Imagine waking up in the morning, eating a bowl of cereal, and driving to work. However, along the way, you turn too sharply around a corner and drive into a tree, hitting your head in the process. Although some exams indicate you have a concussion and mild cognitive impairment, fortunately, your injuries don’t seem severe and the doctor believes the recovery prospect is hopeful. They schedule weekly check-ups to ensure the recovery process continues as planned, during which you are asked to list any symptoms and perform simple cognitive tasks to check your learning capability. Anything out of the ordinary is documented, including headaches, dizziness, and signs of being overly stressed to name a few. This monitoring of symptom progression is what allows your doctor to give you the best recovery possible. 

Detailed medical documentation, commonly utilized when recovering from an injury, helps identify a wide range of variables that may influence a phenomenon, including physical, mental, and emotional factors. However, much of the preclinical research that leads to medical advancements uses animal models as subjects. Documenting pain levels and emotional feelings in animals is considerably more difficult than it is for humans, which can skew the results. In addition to animals not being able to talk, pain itself is subjective, and noxious experiences can be caused by a variety of pain sources. A recent study investigated the role of the rodent analog of an inflammatory mediator cell called interleukin-1, or IL-1, in a mouse brain recovering from a head injury [1]. Previous studies had demonstrated evidence of IL-1 modulation of behavioral changes and cognitive impairment following injury, so this study sought to further investigate this role by knocking out the IL-1 gene, which means the gene was not expressed. To induce the injury itself, researchers anesthetized the mice and hit a target location of the skull in a controlled procedure. The mice woke up, were monitored extensively, and put through an aversive stimuli learning test, in which a shock was administered if they stepped on a particular side of a cage. The goal was to record the time it took them to learn to avoid the zone that induced a shock. The researchers found that mice with the IL-1 knockout had significantly reduced expression of inflammatory cells and also increased ability to avoid the shock zone compared to the controls. This suggests the gene can modulate recovery following head injury [1]. Although this finding seems important, how might the pain and distress experienced by the mice have influenced the data collected? Not only did they receive an unexpected head injury, but they were also forced to undergo experimental procedures and techniques that induced more pain. These experiences could have negatively impacted their ability to learn to avoid the shock, potentially decreasing the reliability of the findings.

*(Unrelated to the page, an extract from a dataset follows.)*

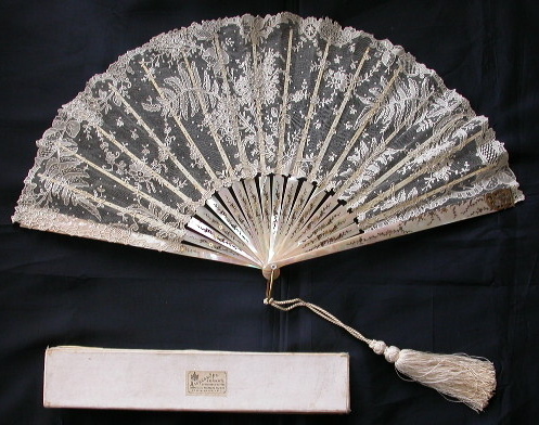 http://tinyurl.com/oux7eab BRUSSELS POINT DE GAZE LACE FAN + BOX. CORONET, CROWN. RUSSIAN MAKER, ALEXANDRE.

In contrast, when humans suffer from a head injury, they typically know how it occurred and can recover with the proper support if learning was impaired. There is no shock induced if they do not learn a concept. This is not to say humans don’t experience “punishment” for failing to heal. They may have limited medical leave or lack access to the healthcare needed to fully recover. However, documentation of pain and distress that may affect behavior and wellbeing is generally more difficult for animals than it is for humans. Consideration of potential confounding variables such as pain and distress is critical to ensure the reliability of the results and the optimal quality of life of the animals.

Animal welfare and IACUC

The Institutional Animal Care and Use Committee (IACUC) refers to a group composed of researchers, veterinarians, non-science, and community members who oversee the ethical guidelines for the use of animals in research at a specific institution [2]. In the United States, IACUCs are governed by the Animal Welfare Act and related federal regulations [3]. Labs proposing the use of animal subjects must work with a veterinarian to determine proper care for animals before, during, and after experimentation. Experimental procedures must provide reasoning for the use of animals that are then reviewed by the veterinarian, with whom the researcher then develops a care plan accordingly. At the end of an experiment, animals must be euthanized in a way considered humane, such as CO2 anesthesia followed by cervical dislocation. Anesthesia refers to the removal of consciousness, which is different from analgesia, which reduces pain [4]. Animals are also monitored throughout the experiment, and veterinarians are consulted if abnormal amounts of pain and distress are observed. Each situation requires a unique protocol and procedure to mitigate the pain and distress experienced by laboratory animals [3]. However, the various methods used to quantify pain and distress introduce substantial ambiguity as to whether the guidelines truly accomplish this. 

What is pain?

Colloquially, the term “pain” encompasses a wide range of feelings of discomfort. However, researchers have developed mechanisms for measuring different sources of pain, which are important to consider when performing animal experimentation. Acute pain from a known sensory stimulus is first detected by pain receptors - called nociceptors - in the dermis, which is the inner layer of skin. These signals are then transmitted into the spinal cord via a sensory neuron tract known as the dorsal root, and from there to three functional regions of the brain involved in pain processing. These are known as the amygdala, cingulate cortex, and somatosensory cortex [5]. This pathway can be likened to a highway, with information transmitted rapidly and unidirectionally until reaching “exits” into specific regions of the brain. Although nociceptive pain may be induced in studies, such as the foot shocking procedure, much of the pain tends to involve more complex mechanisms [6]. 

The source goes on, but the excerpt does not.